A labyrinth to which only I held the key.

A labyrinth which housed what was at once Minos’ greatest humiliation and greatest asset.

My brother, the Minotaur.

As a child, the twists and turns of the palace at Knossos were endlessly fascinating to me. I would loop through the bewildering multitude of rooms, skating my palm across the smooth, red walls as I drifted through snaking passageways. My fingers traced the outline of the labrys – the double-headed axe engraved into stone after stone. Later, I learned that to Minos the labrys represented the power of Zeus, used to summon the thunder – a mighty display of dominance. To me, running through the maze of my home, it looked like a butterfly. And it was the butterfly I would imagine as I emerged from the dim cocoon of the palace interior to the glorious expanse of the sun-drenched courtyard. At the centre gleamed a huge, polished circle and this was where I spent the happiest hours of my youth. Spinning and weaving a dizzying dance, creating an invisible tapestry with my feet across the dancing-floor: a miracle carved from wood, a superb accomplishment of the renowned craftsman Daedalus. Though, of course, it would not be his most famous creation.
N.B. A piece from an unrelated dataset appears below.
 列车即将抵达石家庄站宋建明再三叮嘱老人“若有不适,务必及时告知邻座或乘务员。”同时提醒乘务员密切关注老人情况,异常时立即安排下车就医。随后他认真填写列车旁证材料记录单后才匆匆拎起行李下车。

I’d watched him construct the dancing-floor; an eager girl, hovering over him impatient for it to be done, not appreciating that I was watching an inventor at work whose fame would ring through the whole of Greece. Perhaps even the world beyond, though I knew little of that – indeed, I knew little of what lay beyond our palace walls. Although more than ten years have passed since then, when I remember Daedalus, I see a young man full of energy and the fire of creativity. Whilst I watched him work, he told me how he had learned his craft travelling from place to place until his extraordinary skill attracted the eye of my father, who made it worth his while to stay in one place. Daedalus had been everywhere, it seemed to me, and I hung on his every word when he described the scorching sandy deserts of Egypt and the impossibly distant kingdoms of Illyria and Nubia. I could watch the ships sail from Cretan shores, their masts and sails built under Daedalus’ skilled supervision, but I could only imagine what it felt like to cross the ocean on one and feel the boards creaking beneath my feet whilst the waves hissed and crashed against the sides.
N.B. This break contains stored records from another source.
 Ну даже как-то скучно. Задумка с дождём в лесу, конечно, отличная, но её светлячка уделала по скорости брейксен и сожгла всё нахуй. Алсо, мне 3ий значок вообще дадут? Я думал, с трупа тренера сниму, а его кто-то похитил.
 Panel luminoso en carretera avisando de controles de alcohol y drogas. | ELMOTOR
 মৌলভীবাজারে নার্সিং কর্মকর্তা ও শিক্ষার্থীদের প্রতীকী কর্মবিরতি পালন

Our palace was filled with Daedalus’ creations. The statues he carved seemed so full of life that they were tethered to the walls by a length of chain lest they should stride away of their own accord. His exquisite ropes of slender golden chains shone at my mother’s neck and wrists. One day, having noticed my covetous gaze, he presented me with a tiny golden pendant of my own – two bees entwined together around a tiny piece of honeycomb. It glistened in the sunlight, so rich and burnished that I thought the minute drops of honey would melt and slide away in the heat.